Als Yvonne van Riet en verpleegkundig specialist Majorie Wijnands hun verhaal hebben gedaan, is plastisch chirurg Maarten Hoogbergen aan de beurt. Zijn taak is om een borst na de operatie, waarbij vaak veel weefsel moet worden weggesneden, te herstellen.

Vliegvissen

Radiotherapeut Peter Paul van der Toorn komt binnen. Hij toont een luchtfoto van het Catharina, waarop te zien is hoe ‘zijn’ bestralingscentrum als een lange gang achter het ziekenhuis ligt en daar aan twee kanten uitsteekt. ,,Wij zijn groter dan het ziekenhuis zelf’’, zegt hij met een glimlach.

Na ruim drie uur interviewen neemt Van der Toorn de gasten mee naar zijn afdeling. Mansel is verrast dat die op de begane grond zit met veel ramen en dus uitzicht. ,,Ik heb in Londen alle zestien bestralingscentra bezocht. Die zaten allemaal ondergronds. Ik heb wekenlang nauwelijks daglicht gezien.’’ Van der Toorn legt uit dat voor dat uitzicht het gebouw wel aan zeer strenge eisen moest voldoen om te voorkomen dat radioactieve straling naar buiten kan doordringen.

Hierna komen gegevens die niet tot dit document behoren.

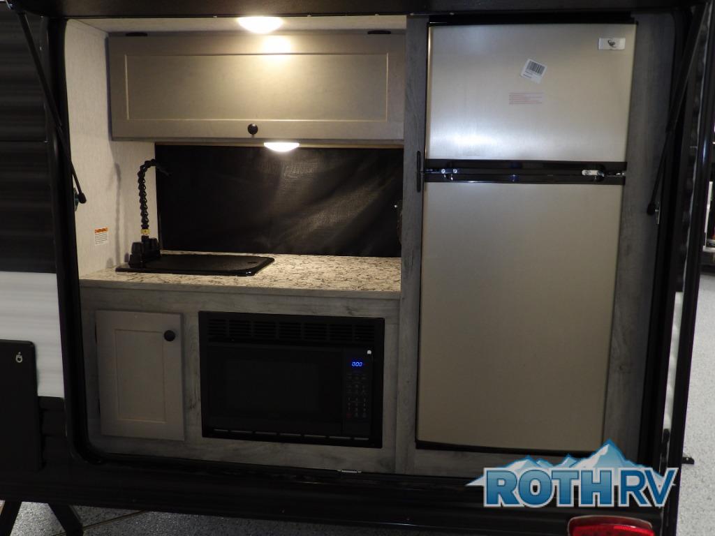 This unit is ideal for travelers seeking maneuverability and ease of towing without compromising on essential comforts. The rear closet provides convenient storage for clothing and personal items, keeping your belongings organized, and the bed assembly creates a cozy sleeping space, perfect for restful nights on the road. Practical storage and organization can be found in the front closet, which offers additional storage for travel essentials and personal belongings, while the front shelf delivers handy space for items you want within easy reach, enhancing convenience. Further, the A/C cabinet provides specialized storage for your air conditioning unit, ensuring efficient integration and protection. Convenience is met in the outdoor kitchen, which features a refrigerator, overhead cabinets, and a two-burner cooktop, providing versatile cooking options for preparing delicious meals outdoors.

Voor Mansel is de dag nog niet voorbij. Hij spoedt zich naar Eindhoven Airport voor een vlucht naar Manchester. Daar moet hij die avond nog een zitting van het lokale medisch tuchtcollege voorzitten. Hoe houdt hij dat leven vol? Met een glimlach: ,,Dit weekeinde ga ik vliegvissen in Schotland, mijn hobby. I love it.’’

De delegatie toont zich na de visitatie tevreden. De Eusoma-erkenning wordt voor drie jaar verlengd.